*WHAT YOU HAVE TO DO*: Your task is to repeat the entries exactly. Leave the pictures out.

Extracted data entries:
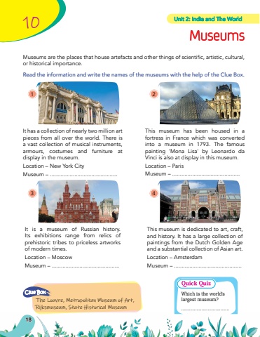 MuseumsMuseums are the places that house artefacts and other things of scientific, artistic, cultural, or historical importance.Read the information and write the names of the museums with the help of the Clue Box.It has a collection of nearly two million art pieces from all over the world. There is a vast collection of musical instruments, armours, costumes and furniture at display in the museum.Location %u2013 New York CityMuseum %u2013 ............................................This museum is dedicated to art, craft, and history. It has a large collection of paintings from the Dutch Golden Age and a substantial collection of Asian art. Location %u2013 AmsterdamMuseum %u2013 ............................................The Louvre, Metropolitan Museum of Art, Rijksmuseum, State Historical MuseumClue BoxThis museum has been housed in a fortress in France which was converted into a museum in 1793. The famous painting 'Mona Lisa' by Leonardo da Vinci is also at display in this museum. Location %u2013 ParisMuseum %u2013 ............................................It is a museum of Russian history. Its exhibitions range from relics of prehistoric tribes to priceless artworks of modern times. Location %u2013 MoscowMuseum %u2013 ............................................10Unit 2: India and The World1324Which is the world's largest museum?......................................18
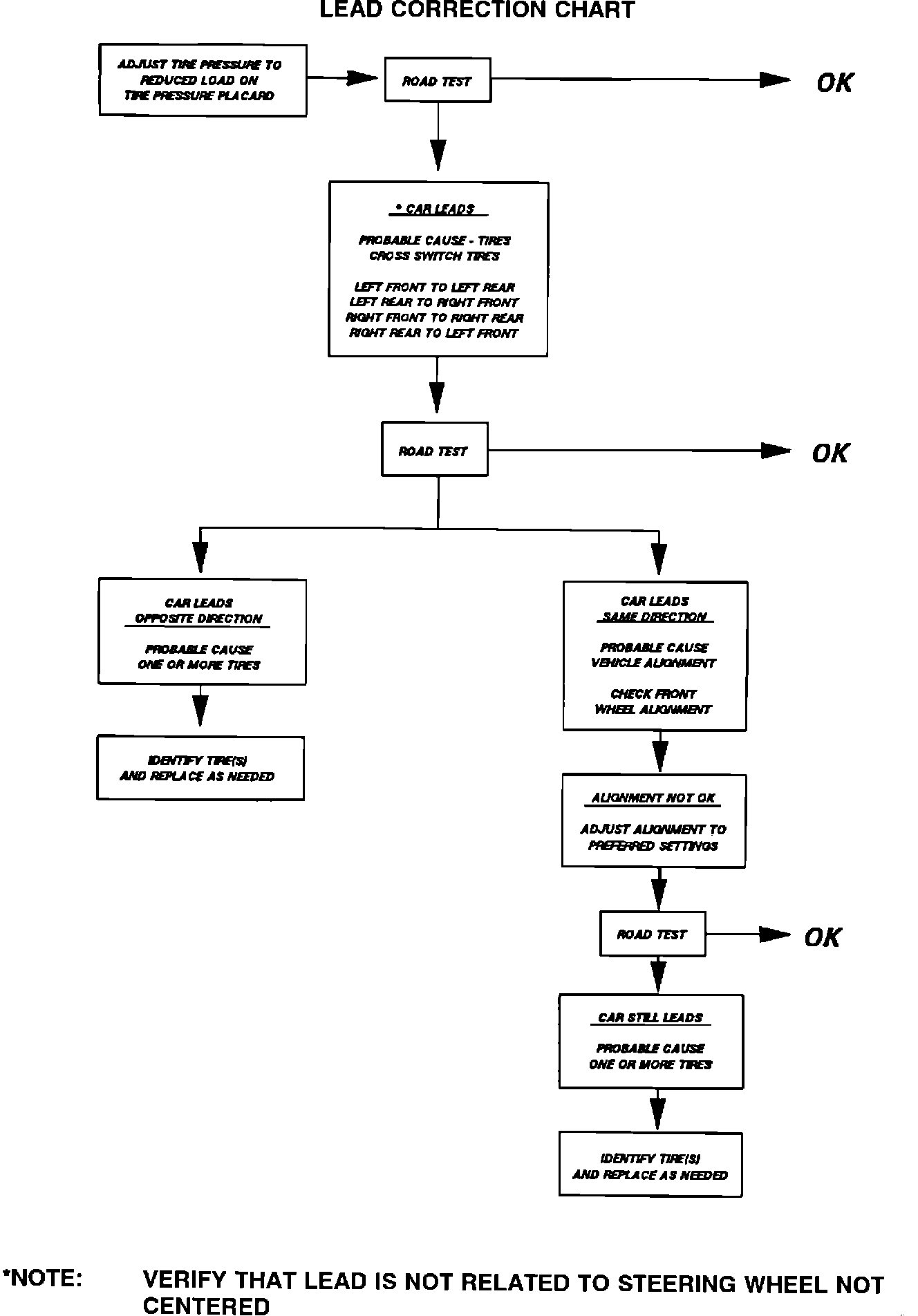 When servicing a vehicle for a lead or pull, refer to the revised Lead Correction Chart provided before proceeding with a wheel alignment repair. In many instances, cross switching tires or steering wheel centering are all that is required to correct the condition. Also, steering wheel centering may be all that is required.
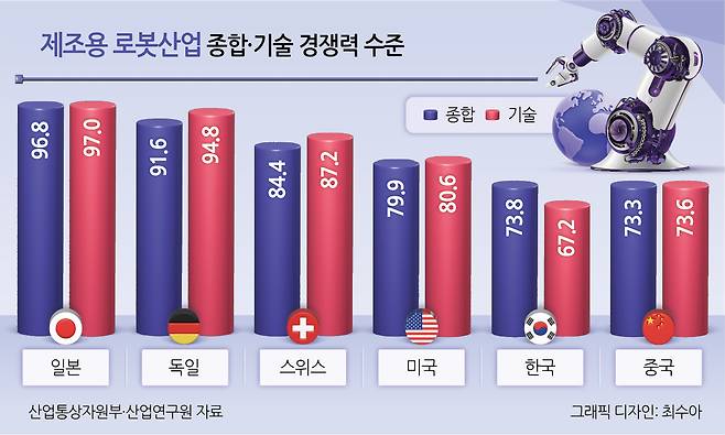 로봇산업은 AI기술과 맞물리며 전 세계적으로 급성장하고 있다. 오는 2026년 시장규모는 약 108조원에 이를 것으로 예상된다. 특히 AI·센서 기술이 결합된 휴머노이드 로봇은 산업 간 경계를 무너뜨리며 새로운 시장을 창출할 전망이다. 그러나 국내 제조용 로봇산업 경쟁력은 일본, 독일, 스위스, 미국, 중국에 이어 6위 수준이다. 기술력과 부품 국산화율이 낮아 핵심부품인 감속기 등 구동부의 80%를 수입에 의존하고 있다.
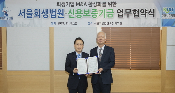 신용보증기금(신보)과 서울회생법원이 8일 서울회생법원에서 ‘회생기업 인수합병(M&A) 활성화 위한 업무협약’을 맺었다고 밝혔다.
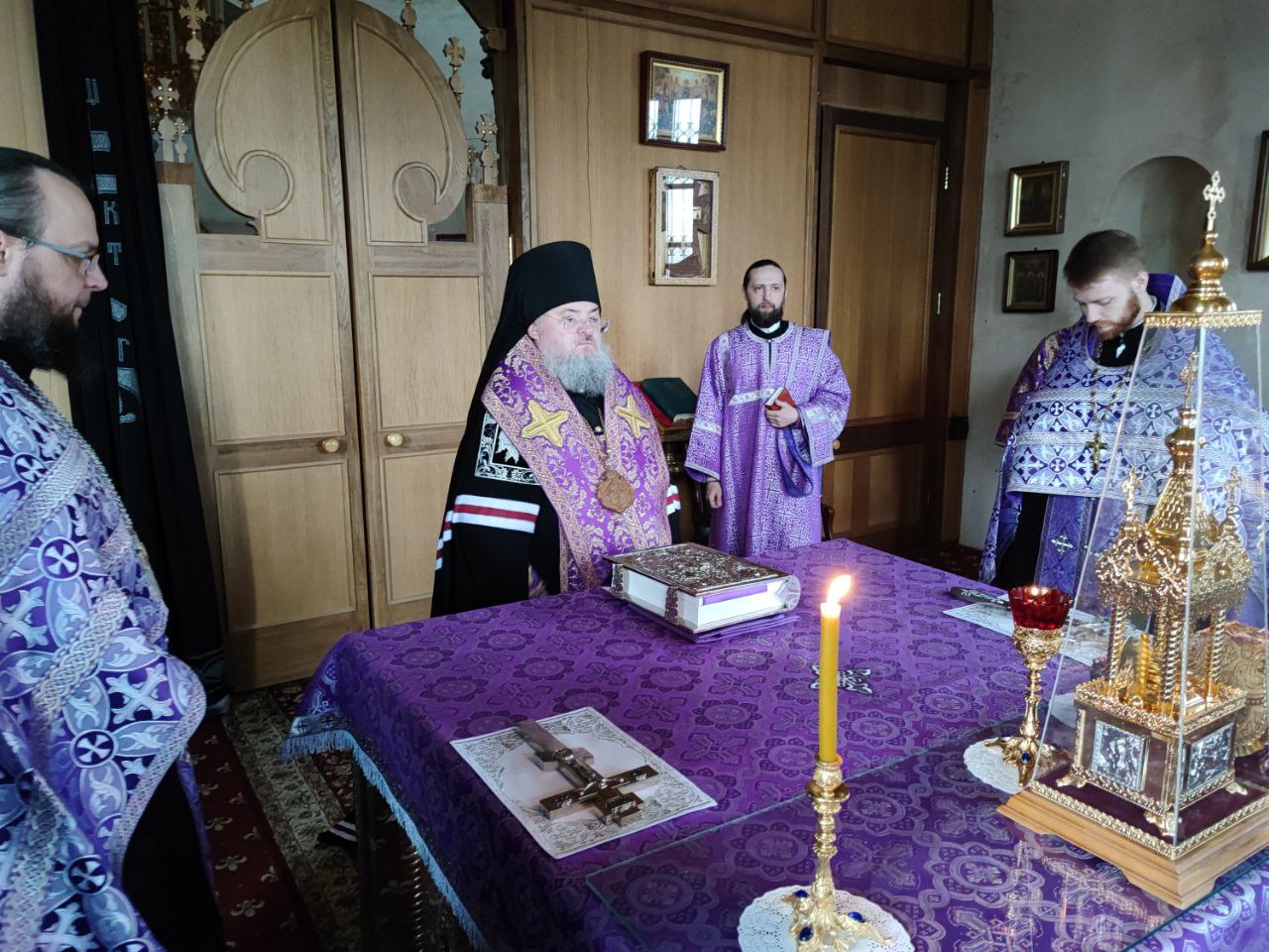 Архипастырю сослужили: иеромонах Паисий (Курмаз) – настоятель храма, иерей Елисей Тимофеев, иерей Евгений Чуркин, диакон Евгений Ковригин, диакон Дмитрий Лутков и диакон Дионисий Капустин.
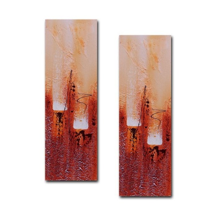 Par de Quadros Tela Pintura Abstrato 20x60cm
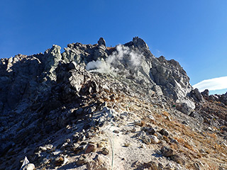 北峰。今日は少し風があって蒸気がほぼ横に流れています。
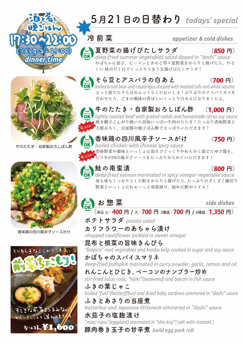 今夜もおいしいごはんは日替わりに、もちろんお持ち帰りも!

*TASK OUTPUT*:
 MuseumsMuseums are the places that house artefacts and other things of scientific, artistic, cultural, or historical importance.Read the information and write the names of the museums with the help of the Clue Box.It has a collection of nearly two million art pieces from all over the world. There is a vast collection of musical instruments, armours, costumes and furniture at display in the museum.Location %u2013 New York CityMuseum %u2013 ............................................This museum is dedicated to art, craft, and history. It has a large collection of paintings from the Dutch Golden Age and a substantial collection of Asian art. Location %u2013 AmsterdamMuseum %u2013 ............................................The Louvre, Metropolitan Museum of Art, Rijksmuseum, State Historical MuseumClue BoxThis museum has been housed in a fortress in France which was converted into a museum in 1793. The famous painting 'Mona Lisa' by Leonardo da Vinci is also at display in this museum. Location %u2013 ParisMuseum %u2013 ............................................It is a museum of Russian history. Its exhibitions range from relics of prehistoric tribes to priceless artworks of modern times. Location %u2013 MoscowMuseum %u2013 ............................................10Unit 2: India and The World1324Which is the world's largest museum?......................................18
 When servicing a vehicle for a lead or pull, refer to the revised Lead Correction Chart provided before proceeding with a wheel alignment repair. In many instances, cross switching tires or steering wheel centering are all that is required to correct the condition. Also, steering wheel centering may be all that is required.
 로봇산업은 AI기술과 맞물리며 전 세계적으로 급성장하고 있다. 오는 2026년 시장규모는 약 108조원에 이를 것으로 예상된다. 특히 AI·센서 기술이 결합된 휴머노이드 로봇은 산업 간 경계를 무너뜨리며 새로운 시장을 창출할 전망이다. 그러나 국내 제조용 로봇산업 경쟁력은 일본, 독일, 스위스, 미국, 중국에 이어 6위 수준이다. 기술력과 부품 국산화율이 낮아 핵심부품인 감속기 등 구동부의 80%를 수입에 의존하고 있다.
 신용보증기금(신보)과 서울회생법원이 8일 서울회생법원에서 ‘회생기업 인수합병(M&A) 활성화 위한 업무협약’을 맺었다고 밝혔다.
 Архипастырю сослужили: иеромонах Паисий (Курмаз) – настоятель храма, иерей Елисей Тимофеев, иерей Евгений Чуркин, диакон Евгений Ковригин, диакон Дмитрий Лутков и диакон Дионисий Капустин.
 Par de Quadros Tela Pintura Abstrato 20x60cm
 北峰。今日は少し風があって蒸気がほぼ横に流れています。
 今夜もおいしいごはんは日替わりに、もちろんお持ち帰りも!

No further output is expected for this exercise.